Li n'O Dia, um dos poucos jornais do Rio que pode reclamar para si o rótulo de popular, que o estúdio do Allan Sieber está produzindo um curta de animação cujo roteiro funde um conto do Aldir Blanc e uma história verídica do Jaguar, envolvendo o Fausto Wolff. Ótima notícia.

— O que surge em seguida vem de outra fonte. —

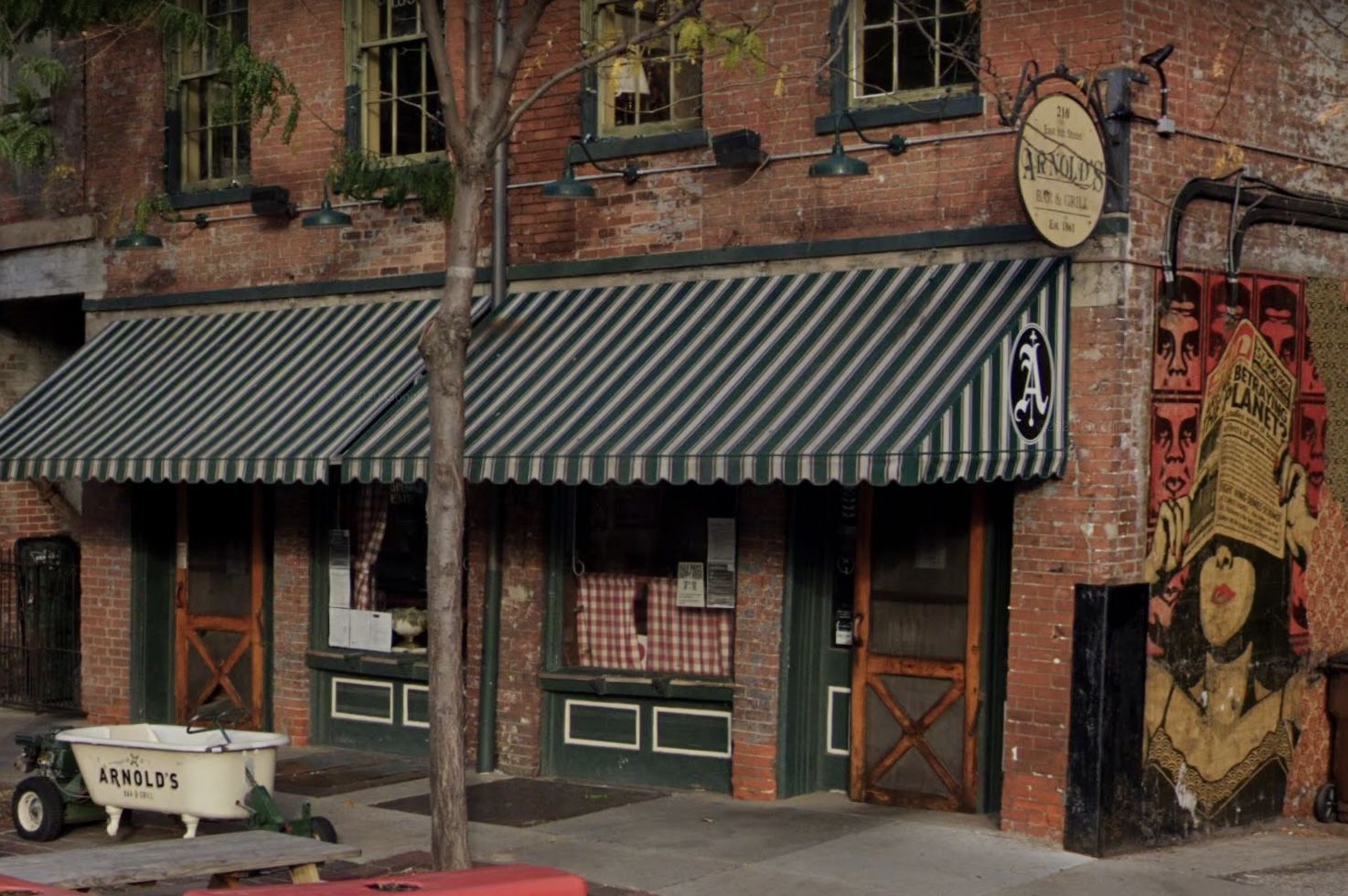 Arnold’s Bar and Grill consists of two buildings that were both created in the late 1830’s. One was originally a barber shop and the other was originally a feed store.

Allan Sieber faz parte da enxurrada de cartunistas gaúchos que deu as caras há uns 10 anos, com Adão Iturrusgarai, Guazzelli e Fabio Zimbres entre outros. Essa turma ficou conhecida ao aparecer nos jornais durante o processo que sofreram: tinham conseguido dinheiro da prefeitura de Porto Alegre para lançar uma revista em quadrinhos, a DumDum, e os vereadores subiram nas tamancas ao verem o dinheiro público sendo utilizado para encher páginas e páginas de baixarias. Allan, nessa época, militava no fanzine Glória, Glória Aleluia. Só quando lançou o curta Deus é Pai, há 2 anos - abrindo, em algumas salas, a sessão de Dogma era, fácil, a melhor coisa do programa - é que Allan mostrou que em casa de saci uma calça dá para dois. Vejam só o argumento: Deus e Cristo tentam resolver seus problemas de relacionamento numa sessão de análise em grupo com uma psicóloga, mas daquelas psicólogas bem de botequim mesmo. Blasfêmia hilariante. O curta serviu também para lançar o manifesto Dogma 1.99, uma gozação com o Dogma 95, defendendo o uso de menos recursos técnicos nos desenhos animados...

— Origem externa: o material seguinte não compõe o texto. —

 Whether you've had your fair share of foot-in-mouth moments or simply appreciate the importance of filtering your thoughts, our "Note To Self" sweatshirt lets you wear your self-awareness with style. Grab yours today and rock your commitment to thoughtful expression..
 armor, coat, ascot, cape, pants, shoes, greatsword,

Jaguar e Aldir Blanc não precisam mais de crachá para passear nesse meio recém adentrado pelo Allan. São consagrados - no cartum, o primeiro; nas letras de música e crônicas, o segundo. Ambos fazem parte de uma geração muito particular da história recente, porque mesmo tendo sido derrotada politicamente, fez a cabeça de todas que vieram depois dela, com raros dissidentes. Uma turma que, chegando à idade da razão em plena década de 60, teve a chance de escrever o próprio mito - e a maior parte do que vive hoje é fruto desse mito, transformado em prestígio político ou intelectual, cujo mais alto e inatacável degrau é o formador de opinião. Essa trajetória foi seguida pela minoria que teve a habilidade, a visão e a esperteza suficientes para serem ativos nessa transformação. A maioria, claro, se sujeitou, preferindo viver as histórias ao invés de contá-las.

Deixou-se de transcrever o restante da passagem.